It’s been one hell of a week, guys.

Last week I said my crazy week was a prelude to a hell week. And I wasn’t joking at all. It was quite literally hell. Every single day I was dragging myself everywhere. I don’t know how my body is coping with all of this. I don’t have the capacity to plan forward any more, I’m just living each day as it comes. Yet though I may complain, I do not regret.

The whole week was filled with academia, projects, writing and language classes. Oh, and the unforgettable Singapore Writer’s Fest 2013, but we’ll get to that. The constant exhaustion peaked on Wednesday when I stumbled home after my playread at SRT and asked, “Why the hell do I do this?” Existentialist crisis, I know. I’ve always told myself that I don’t naturally have enough discipline, focus and aptitude to license any slacking and so I work two times harder to be where I want to be and occasionally I just ask if that’s really what I want. To subject myself to this kind of insane schedule just to be able to pursue my dreams. I guess there is really nothing else I want to do with my life. Someone reminded me  to think back to my initial motivation for pursuing theatre and I realized that there isn’t. I dabble in poetry as well. Language and words just flow in my blood, it’s not something I can distance myself from. All my writings come from a rather primal need to catalogue my world, to process the insanity, atrocity and blessings around me. It’s a visceral, burning need for me to write so I can deal with.. life at large. I can run, but I can’t hide.

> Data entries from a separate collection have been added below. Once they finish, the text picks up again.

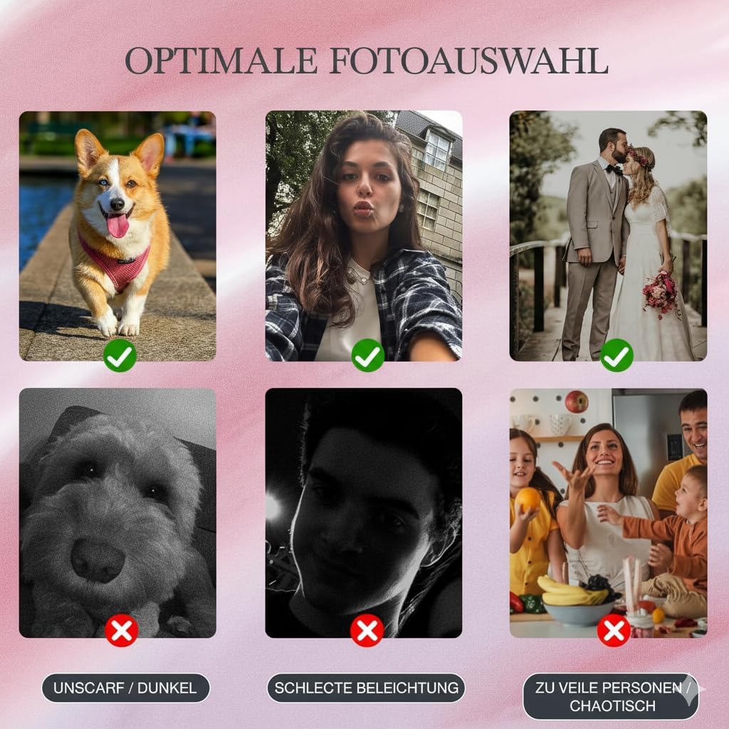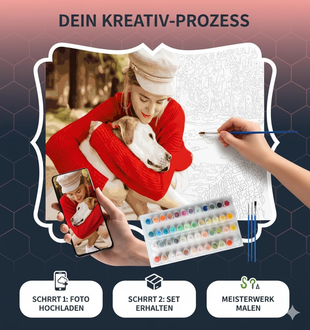 🎨 Dipingi con i numeri la tua foto: trasforma i tuoi ricordi più preziosi in un'opera d'arte unica! Carica semplicemente la tua foto preferita - che sia di famiglia, animale domestico, coppia o vacanza - e la useremo per creare il tuo dipinto personalizzato con i numeri 🖌️ TUTTO COMPRESO, IDEALE PER PRINCIPIANTI: Nessun talento artistico? Nessun problema! Il nostro set completo comprende una tela di lino prestampata di alta qualità con linee e numeri nitidi, un set di colori acrilici brillanti e non tossici e 3 pennelli professionali in nylon di diverse dimensioni 🎁 REGALO PERSONALE: stai cercando un regalo che venga davvero dal cuore? Sorprendi i tuoi cari per il loro compleanno, anniversario, Natale o San Valentino con questa esperienza creativa. Un dipinto personalizzato con i numeri è più di un regalo: è un ricordo indimenticabile creato insieme 🖼️ DECORAZIONE UNICA CON ANIMA: crea una decorazione murale che nessun altro ha. Il tuo dipinto finito diventerà il fulcro emotivo del tuo soggiorno, camera da letto o ufficio. Non è solo decorazione, ma una prova orgogliosa della tua creatività e uno sguardo quotidiano ai tuoi momenti più belli 💯 IL TUO SET, LA TUA SCELTA: il tuo set di pittura con i numeri DXDOING è accuratamente confezionato e contiene tutto il necessario per dipingere. Per una presentazione perfetta, puoi aggiungere facoltativamente la nostra cornice in legno fai-da-te facile da montare
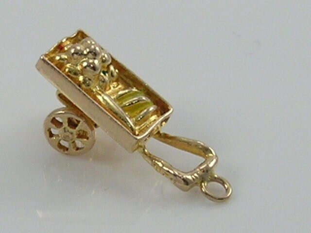 Vintage 3D smaller size 9ct gold fruit and vegetables barrow charm pendant
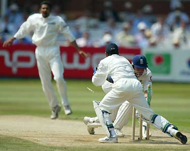 Alec Stewart came in at the fall of Vaughan's wicket and did his bit, scoring a brisk 33.

I was very happy on Saturday because I got to meet one of my favourite people in the world and go for my very first Singapore Writer’s Fest! Imagine, a $15 pass (which I felt was pretty justified after the first workshop) and you get to attend so many events. I attended a panel discussion with Desmond Sim & Alfian Sa’at, two of my local favourites, as well as attend a rather entertaining discussion on Singlish in Literature. I was enjoying myself until lo and behold, my phone’s display decided to die on me.

I am not someone who can’t live without my phone. In fact, after the initial disbelief (it is a 2-month old iPhone that’s only been dropped twice, and the second time was on a pillow) I was enjoying the rest of the day being uncontactable. I’m not saying I enjoy dumping people on their asses but I’m beginning to realize that people are just throwing me their own problems without thinking of how to resolve it themselves. So I told all of them to settle their issues themselves until my phone was fixed, and left it at that.

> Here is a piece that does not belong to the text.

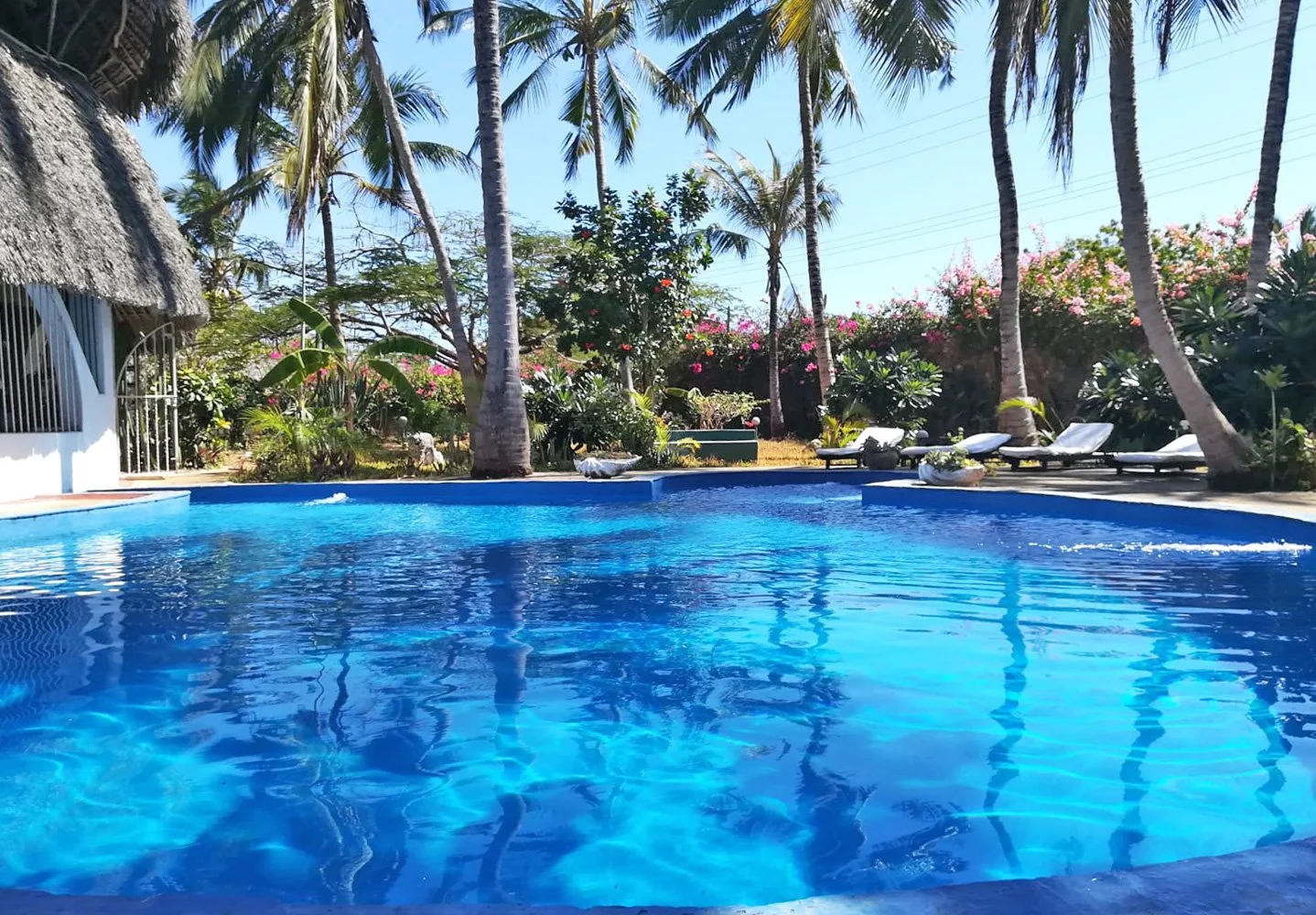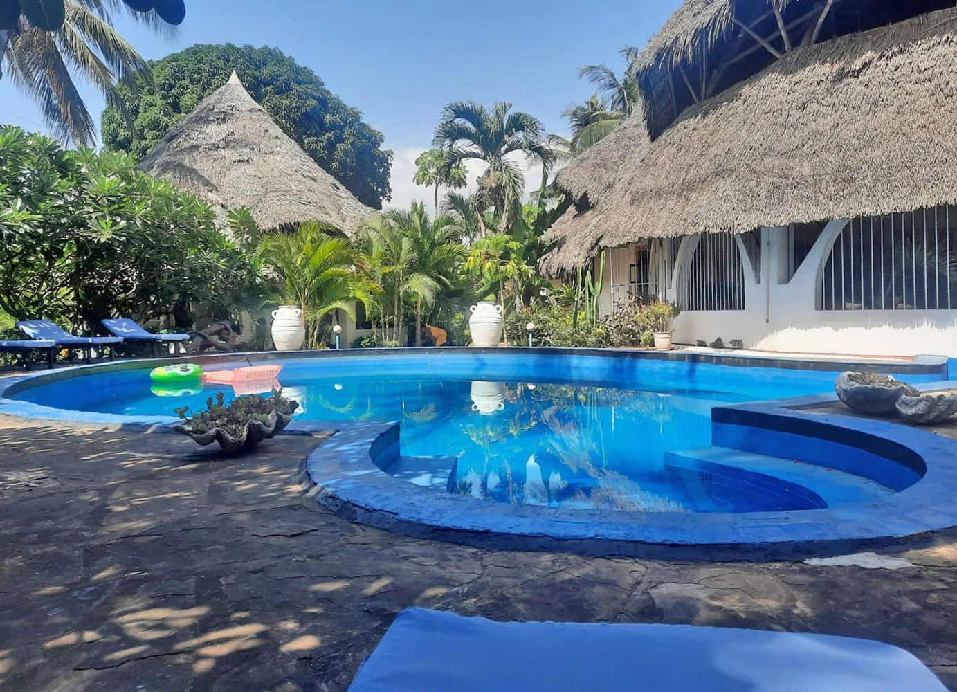Set within 1.3 acres of lush, tropical garden, this charming Makuti‑topped six‑bedroom villa with pool sits in the exclusive Vendita neighbourhood off Cassuarina Road in Malindi. It’s just a pleasant 12‑minute walk to the beach via a public access road, and lies close to a selection of restaurants and hotels while still maintaining a calm, peaceful atmosphere.

In the evening we got to attend a poetry event, which took us around Biennale exhibits while poetry by heavyweights such as Aase Berg, Ng Yi-sheng and Cathy Park Hong were being performed. And boy, it was a beautiful event. I don’t think I would have enjoyed it quite as much with the distraction of my phone. There is a certain familiarity about being in a world shrouded in words and language that calms me and gives me strength. I felt so refreshed by the end of the night! A most memorable day indeed. 🙂

The next day, I headed to get my phone fixed and thank goodness, Singtel gave me a one-for-one exchange! I don’t know how much more difficult it would be to get through e-learning week without my phone. I think the guy at the counter must’ve been amused when he saw the delight on my face, because I honestly felt like I’d struck gold.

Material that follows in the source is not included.